Given data
Start of Block

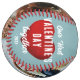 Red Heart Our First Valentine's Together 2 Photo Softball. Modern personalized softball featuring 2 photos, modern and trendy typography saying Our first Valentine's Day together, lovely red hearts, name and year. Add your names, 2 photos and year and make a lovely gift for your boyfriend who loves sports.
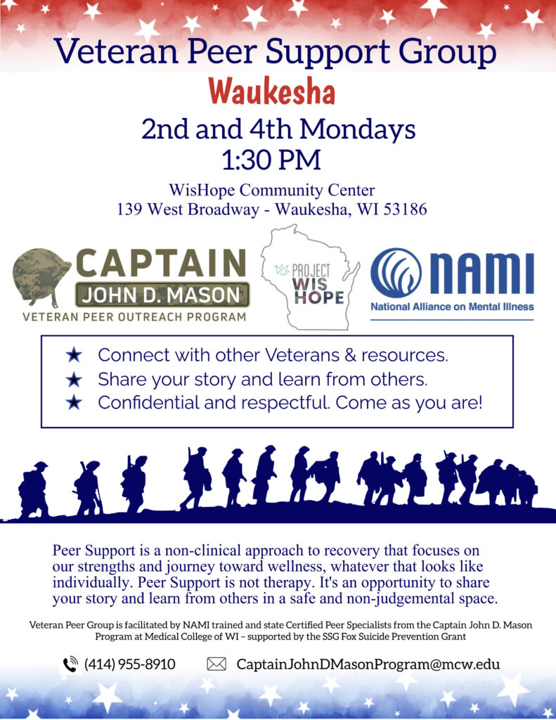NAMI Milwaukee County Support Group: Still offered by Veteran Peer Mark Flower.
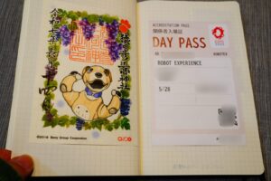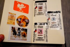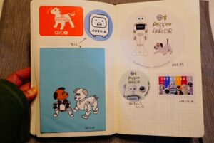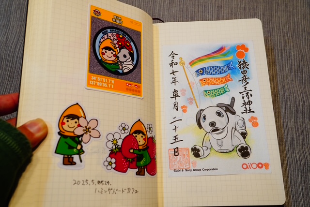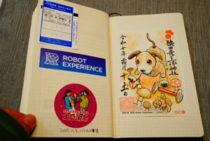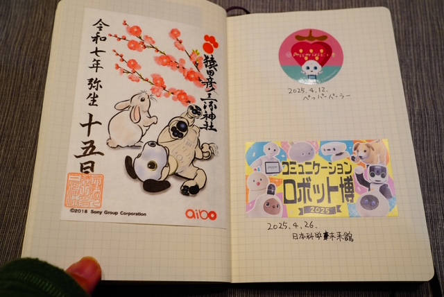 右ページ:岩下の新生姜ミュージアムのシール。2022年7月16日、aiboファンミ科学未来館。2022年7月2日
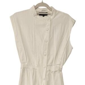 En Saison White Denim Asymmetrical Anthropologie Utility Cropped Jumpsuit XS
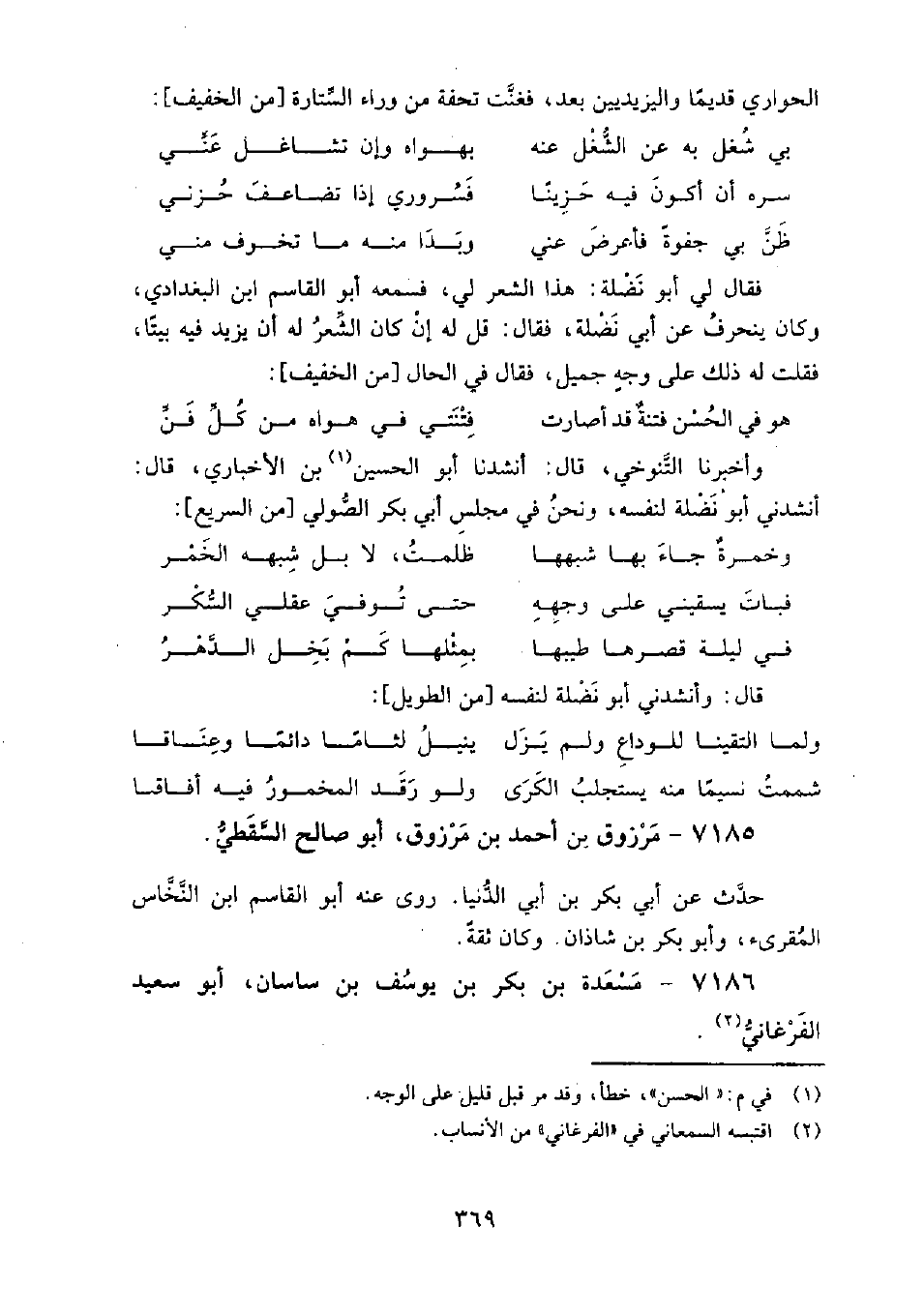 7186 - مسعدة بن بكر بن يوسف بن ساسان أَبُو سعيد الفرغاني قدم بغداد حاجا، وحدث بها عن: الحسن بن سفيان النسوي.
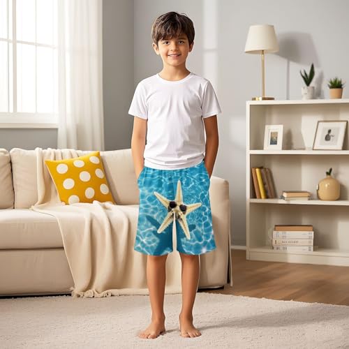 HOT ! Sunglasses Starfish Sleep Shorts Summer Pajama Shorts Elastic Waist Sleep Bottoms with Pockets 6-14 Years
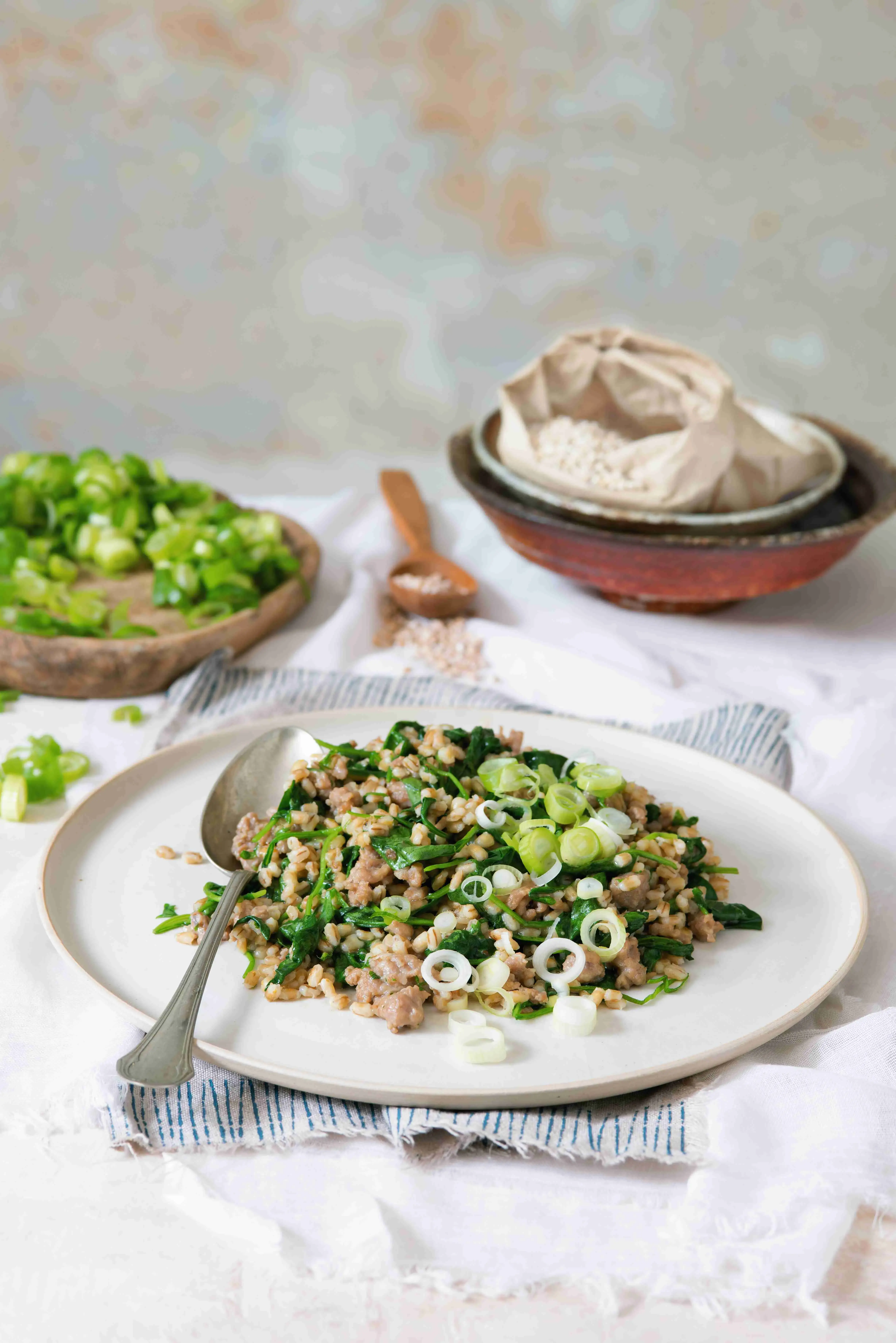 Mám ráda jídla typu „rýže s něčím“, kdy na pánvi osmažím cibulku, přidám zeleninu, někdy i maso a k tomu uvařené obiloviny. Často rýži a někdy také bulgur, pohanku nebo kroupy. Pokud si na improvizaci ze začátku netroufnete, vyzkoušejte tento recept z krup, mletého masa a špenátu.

End of Block
Start of Block

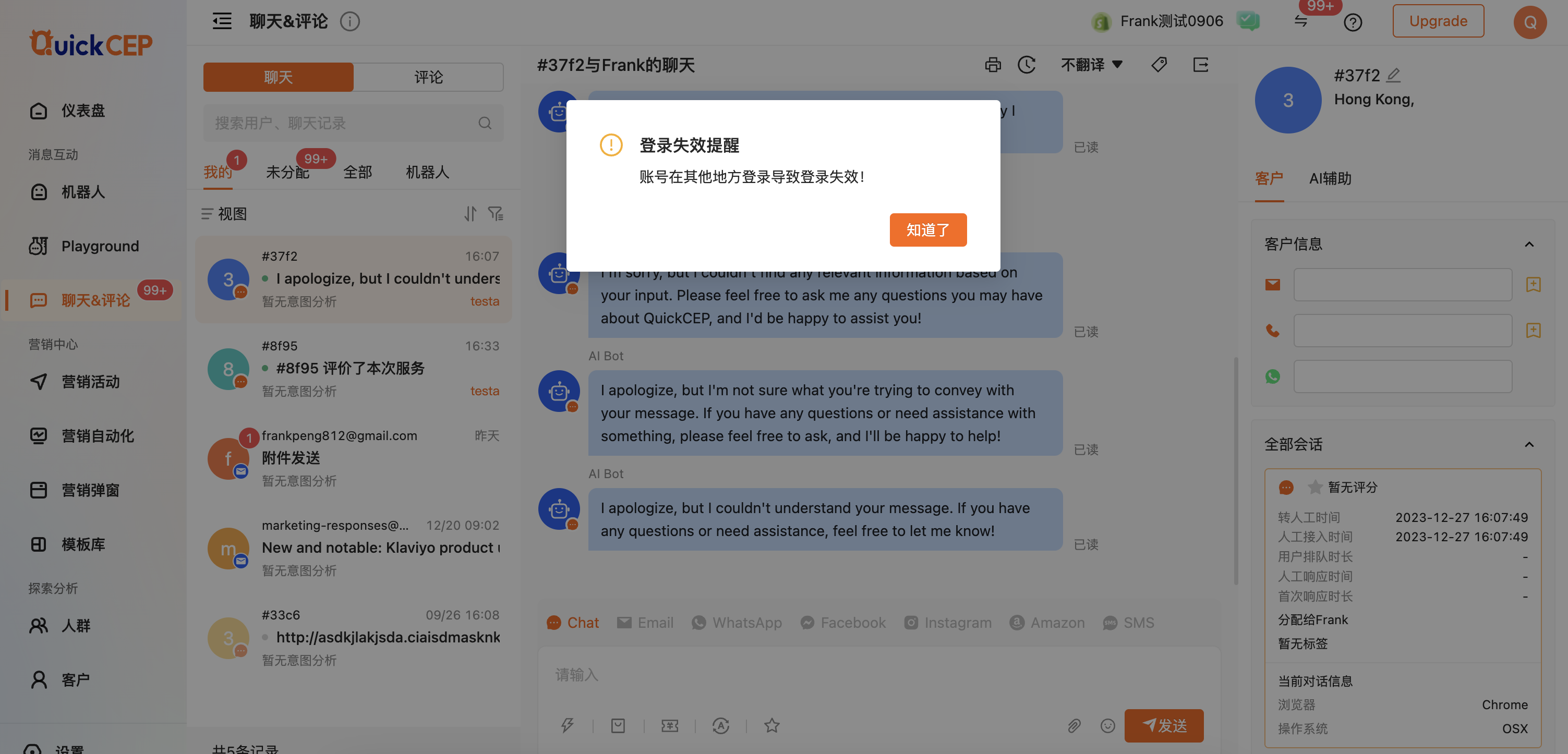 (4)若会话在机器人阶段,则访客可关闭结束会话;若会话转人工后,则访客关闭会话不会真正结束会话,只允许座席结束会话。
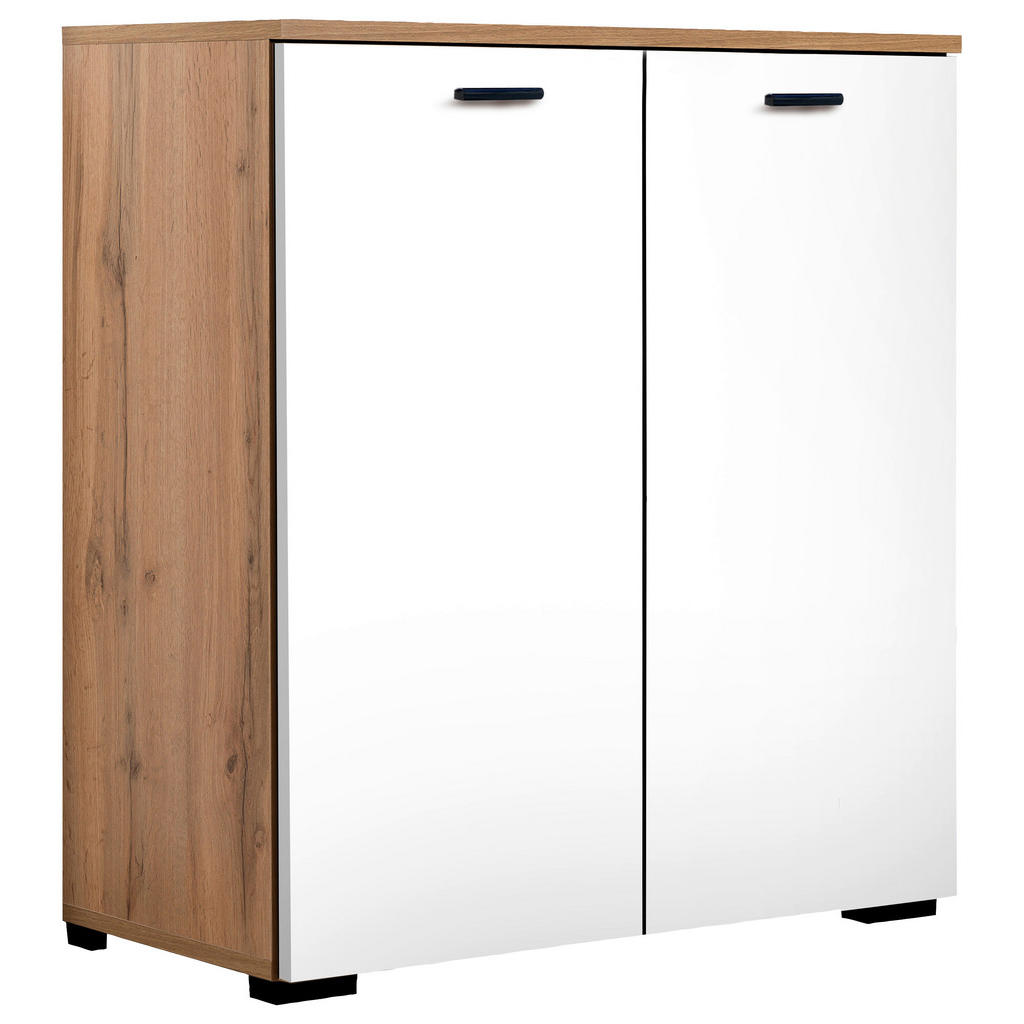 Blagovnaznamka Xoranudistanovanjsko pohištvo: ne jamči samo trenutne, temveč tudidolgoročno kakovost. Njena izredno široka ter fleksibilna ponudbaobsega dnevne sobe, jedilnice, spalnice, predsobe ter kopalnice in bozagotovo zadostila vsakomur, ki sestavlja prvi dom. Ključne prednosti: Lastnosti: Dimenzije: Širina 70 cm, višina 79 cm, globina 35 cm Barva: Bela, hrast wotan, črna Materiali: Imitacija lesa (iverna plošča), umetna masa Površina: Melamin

End of Block

Work instruction
Pictures excluded, transcribe the listing above exactly from the line with "Red Heart Our" through the line with "HOT ! Sunglasses", and no further.

Reply to the exercise
 Red Heart Our First Valentine's Together 2 Photo Softball. Modern personalized softball featuring 2 photos, modern and trendy typography saying Our first Valentine's Day together, lovely red hearts, name and year. Add your names, 2 photos and year and make a lovely gift for your boyfriend who loves sports.
NAMI Milwaukee County Support Group: Still offered by Veteran Peer Mark Flower.
 右ページ:岩下の新生姜ミュージアムのシール。2022年7月16日、aiboファンミ科学未来館。2022年7月2日
 En Saison White Denim Asymmetrical Anthropologie Utility Cropped Jumpsuit XS
 7186 - مسعدة بن بكر بن يوسف بن ساسان أَبُو سعيد الفرغاني قدم بغداد حاجا، وحدث بها عن: الحسن بن سفيان النسوي.
 HOT ! Sunglasses Starfish Sleep Shorts Summer Pajama Shorts Elastic Waist Sleep Bottoms with Pockets 6-14 Years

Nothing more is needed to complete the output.